Use-case preset

Multi-turn customer service cost calculator

Long support conversations with case history and KB chunks.

Multi-turn support conversations typically include a persistent system prompt with agent guidelines, the customer's case history, and 2–5 relevant knowledge-base chunks retrieved per turn. Output is short: acknowledgments, follow-up questions, or resolution steps. The 85/15 input/output ratio reflects that context dominates token spend.

Context is set to 16k to hold a full case thread plus KB snippets without truncation. Prompt caching saves 50–70% on input costs because the system prompt and KB chunks repeat across every turn in a session. Latency is best-effort; most support queues can tolerate a few seconds. The main cost lever here is cache hit rate — segment sessions cleanly and keep the cached prefix stable. Watch for cache misses caused by dynamic timestamps or session metadata injected before the KB chunks.

Recommended models

meta/llama-3.3-70b-instruct

Strong instruction following and long-context coherence at mid-tier cost; good default for support workloads.

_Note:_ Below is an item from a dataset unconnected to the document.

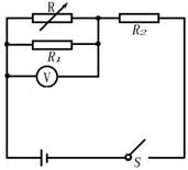 7.在图A-10-45-12所示电路中,电源电动势为12 v,内电阻不能忽略,闭合S后,调整R的阻值,使电压表的示数增大△U=2 V.在这一过程中
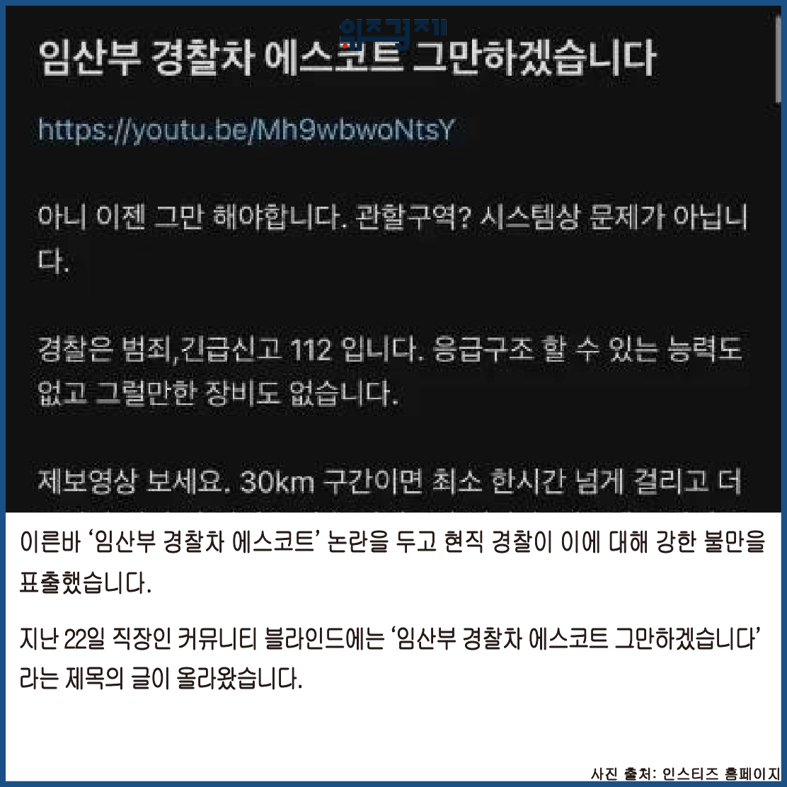 [위즈경제] 이정원 기자 =이른바 ‘임산부 경찰차 에스코트’ 논란을 두고 현직 경찰이 이에 대해 강한 불만을 표출했습니다.

alibaba/qwen-2.5-72b-instruct

Competitive input pricing with solid multi-turn consistency; handles KB chunk injection well.

mistralai/mistral-large-2

Reliable instruction adherence and low hallucination rate on factual KB retrieval.

cohere/command-r-plus

Built-in RAG tooling and native prompt caching support make it a natural fit for KB-augmented support.

deepseek/deepseek-v3

Low input cost with strong reasoning; useful when ticket complexity requires nuanced responses.